Re: [PATCH] xen/arm: domain_build: Ignore device nodes with invalid addresses

On 03/02/2021 00:18, Stefano Stabellini wrote:
On Tue, 2 Feb 2021, Julien Grall wrote:
On 02/02/2021 18:12, Julien Grall wrote:
On 02/02/2021 17:47, Elliott Mitchell wrote:
The handle_device() function has been returning failure upon
encountering a device address which was invalid.  A device tree which
had such an entry has now been seen in the wild.  As it causes no
failures to simply ignore the entries, ignore them. >
Signed-off-by: Elliott Mitchell <ehem+xenn@xxxxxxx>

I'm starting to suspect there are an awful lot of places in the various
domain_build.c files which should simply ignore errors.  This is now the
second place I've encountered in 2 months where ignoring errors was the
correct action.

Right, as a counterpoint, we run Xen on Arm HW for several years now and
this is the first time I heard about issue parsing the DT. So while I
appreciate that you are eager to run Xen on the RPI...
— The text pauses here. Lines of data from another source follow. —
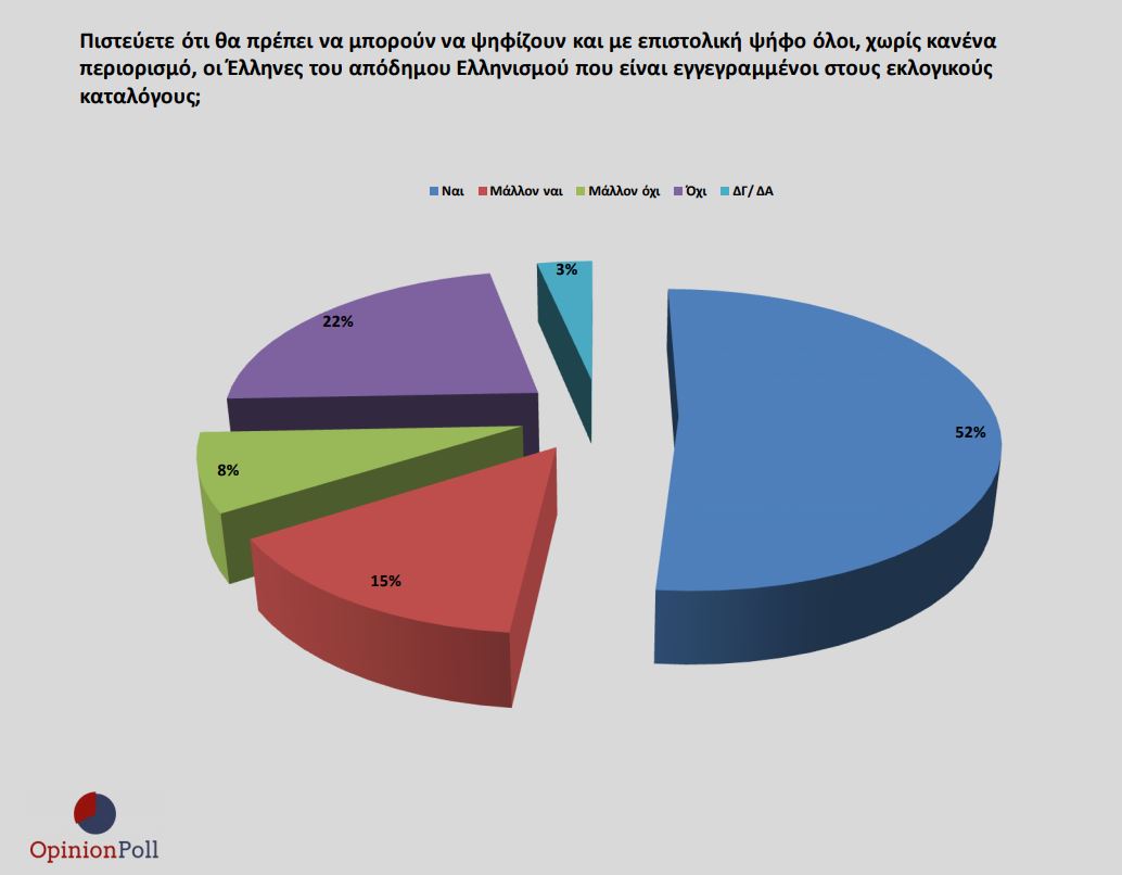 3. Για το μείζον θέμα των ψήφων των αποδήμων που είναι εγγεγραμμένοι στους εκλογικούς καταλόγους, χωρίς προϋποθέσεις ακόμα και με επιστολική ψήφο που επανήλθε στον δημόσιο διάλογο, το 67% τάσσεται υπέρ. Τα μεγαλύτερα ποσοστά βρίσκονται στην Ν.Δ με 84.8% και στο ΚΙΝΑΛ με 82.6%. Ωστόσο αυτή η άποψη είναι πλειοψηφική σ΄όλα τα κόμματα πλην του ΜΕΡΑ 25. Στο ΣΥΡΙΖΑ με 49.2% έναντι 46.7% που έχει άλλη άποψη, στο Κ.Κ.Ε το 57.1% έναντι 38.1%, στην ΕΛΛΗΝΙΚΗ ΛΥΣΗ το 68.9% έναντι 31%, στο ΜΕΡΑ 25 με 45.% έναντι 53.9%.
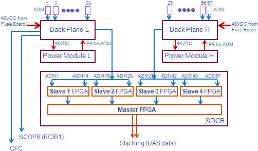 There are two backplanes which are separated into the High Channel and Low Channel board assemblies. The external interfaces with the exception of 48V power and serial data to the slip ring come in through the Low Channel backplane. The optical cables attach directly to the SDCB but come through a hole in the DAS Low channel backplane.
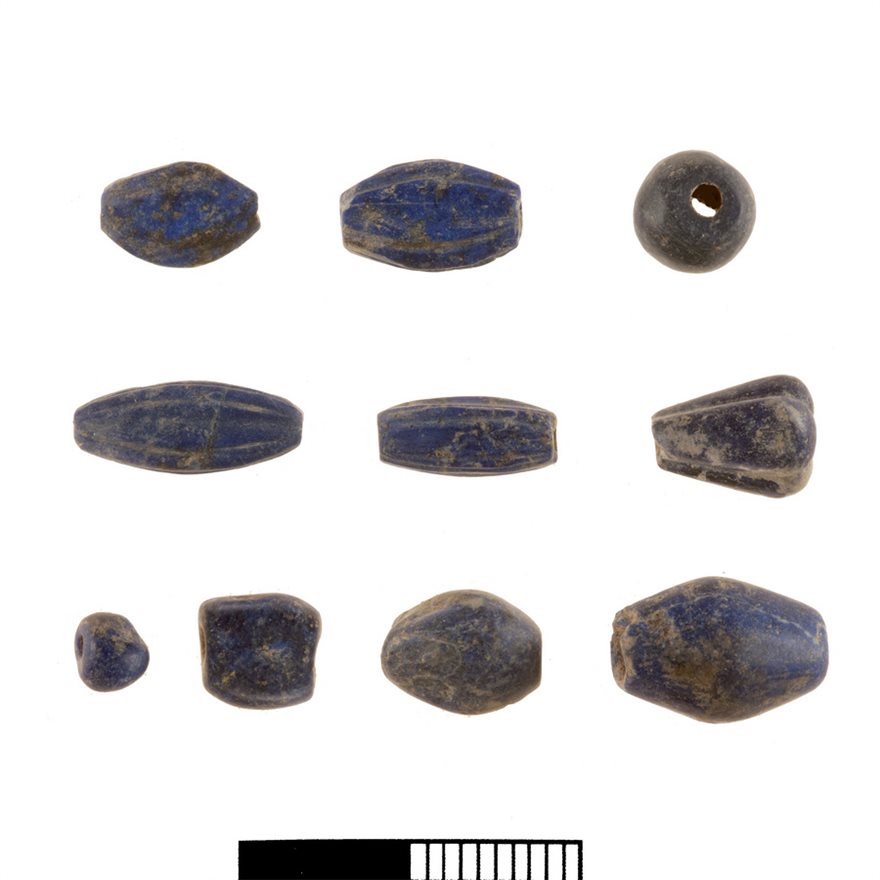 Παρά την απλή αρχιτεκτονική τους, δύο δωμάτια περιείχαν ”θησαυρούς” από μέταλλα, γυαλί και ημιπολύτιμους λίθους. Ο πρώτος θησαυρός βρέθηκε το 2018 σε δωμάτιο που πιθανότατα χρησίμευε ως αποθηκευτικός χώρος. Η απόθεση περιείχε δύο τμήματα από χάλκινα τάλαντα, μία μάζα από σκωρίες και κοσμήματα: Ένα χρυσό δαχτυλίδι, ένα χρυσό βραχιόλι, 26 χρυσές χάντρες (δισκοειδείς, σφαιρικές και σε σχήμα πάπυρου), μία αργυρή χάντρα, 5 χάλκινες, σφενδόνη χάλκινου δαχτυλιδιού. Μαζί με αυτά ήταν μεγάλος αριθμός από γυάλινες χάντρες διαφόρων σχημάτων, (39 σφαιρικές και 25 σε σχήμα πάπυρου), 4 από το λεγόμενο αιγυπτιακό μπλε, 20 από κορνεόλιο λίθο, 1 από αμέθυστο, 10 από λάπις, μία σφραγίδα από αχάτη με παράσταση πλοίου που η πρύμνη του έχει τη μορφή κεφαλής ζώου και ένα λίθινο περίαπτο με μορφή πιθήκου».
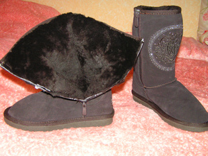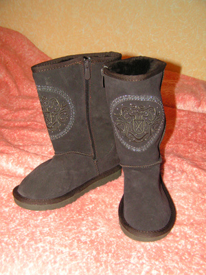 2. Угги натуральные НОВЫЕ, р. 36-37, цвет - шоколад, спереди вышивка, украшенная металлическими стразами. Дополнительно вшит замок! Очень актуально для ножек с высоким взъемом! /вшивала на подарок в 2 пары, эта пара не подошла/ 2400р.
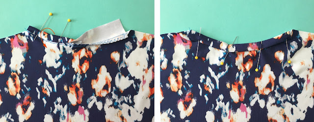 The first step is to finish the back neckline. Pin RIGHT SIDE of back neck binding to WRONG SIDE of back neckline, matching ends and centers. Baste with a zigzag and stitch 6 mm (1/4'') from edge, using a straight stitch:Fold binding wrong sides together, its raw edge along the seam. Fold the wrapped seam allowance to the right side of the back and pin:
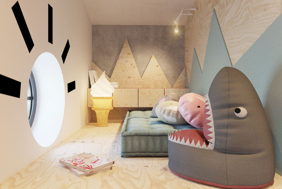 Переделка под названием «Раз дощечка, два дощечка» была придумана и реализована для десткой комнаты, где должны поселиться два мальчика-школьника.
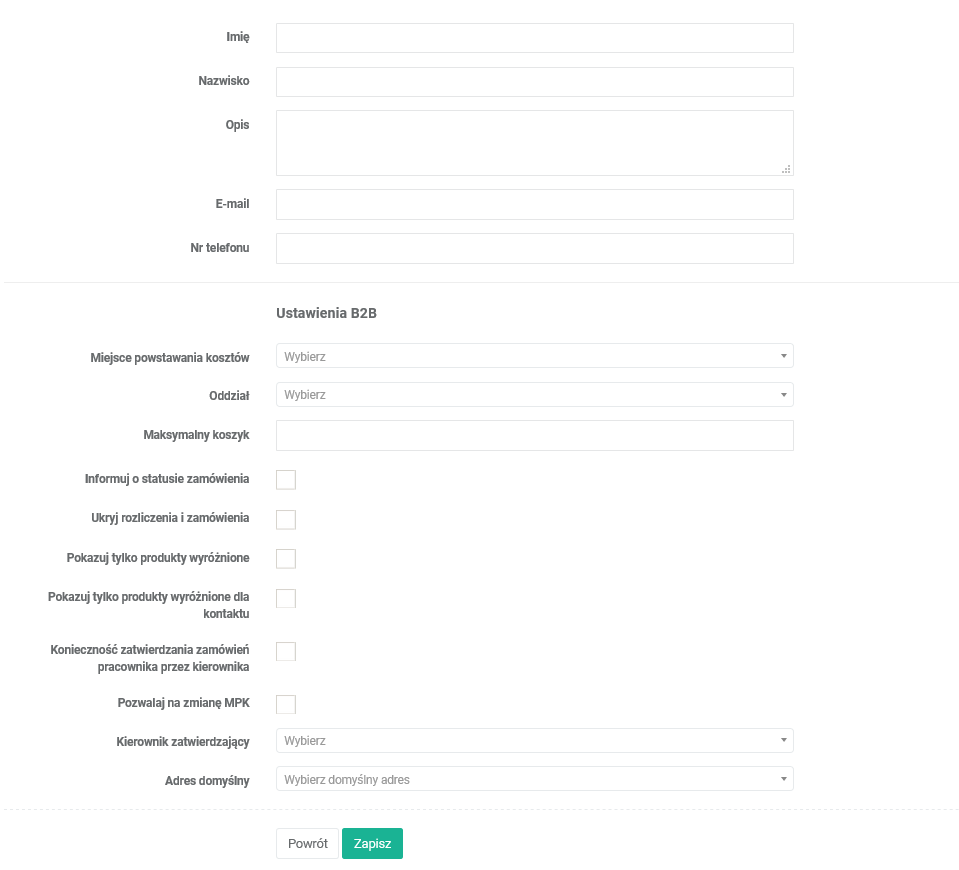 W tym miejscu można dodawać osoby kontaktowe. Następnie edytując osobę kontaktową w części Dane użytkownika można nadać dostęp do platformy B2B podając login (adres email) i hasło.
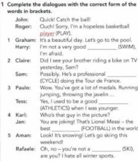 1 скрин: swimmer; cyclist; athlete; footballer; skier

  I know failing in case of error is an engineer's
favorite approach, but there seem an awful lot of harmless failures
causing panics.

This started as the thread "[RFC PATCH] xen/arm: domain_build: Ignore
empty memory bank".  Now it seems clear the correct approach is to simply
ignore these entries.

... we first need to fully understand the issues. Here a few questions:
     1) Can you provide more information why you believe the address is
     2) How does Linux use the node?
     3) Is it happening with all the RPI DT? If not, what are the

So I had another look at the device-tree you provided earlier on. The node is
the following (copied directly from the DTS):

&pcie0 {
         pci@1,0 {
                 #address-cells = <3>;
                 #size-cells = <2>;

                 reg = <0 0 0 0 0>;

                 usb@1,0 {
                         reg = <0x10000 0 0 0 0>;
                         resets = <&reset RASPBERRYPI_FIRMWARE_RESET_ID_USB>;

pcie0: pcie@7d500000 {
    compatible = "brcm,bcm2711-pcie";
    reg = <0x0 0x7d500000  0x0 0x9310>;
    device_type = "pci";
    #address-cells = <3>;
    #interrupt-cells = <1>;
    #size-cells = <2>;
    interrupts = <GIC_SPI 148 IRQ_TYPE_LEVEL_HIGH>,
                 <GIC_SPI 148 IRQ_TYPE_LEVEL_HIGH>;
    interrupt-names = "pcie", "msi";
    interrupt-map-mask = <0x0 0x0 0x0 0x7>;
    interrupt-map = <0 0 0 1 &gicv2 GIC_SPI 143
    msi-parent = <&pcie0>;

    ranges = <0x02000000 0x0 0xc0000000 0x6 0x00000000
              0x0 0x40000000>;
     * The wrapper around the PCIe block has a bug
     * preventing it from accessing beyond the first 3GB of
     * memory.
    dma-ranges = <0x02000000 0x0 0x00000000 0x0 0x00000000
                  0x0 0xc0000000>;

The interpretation of "reg" depends on the context. In this case, we are
trying to interpret as a memory address from the CPU PoV when it has a
different meaning (I am not exactly sure what).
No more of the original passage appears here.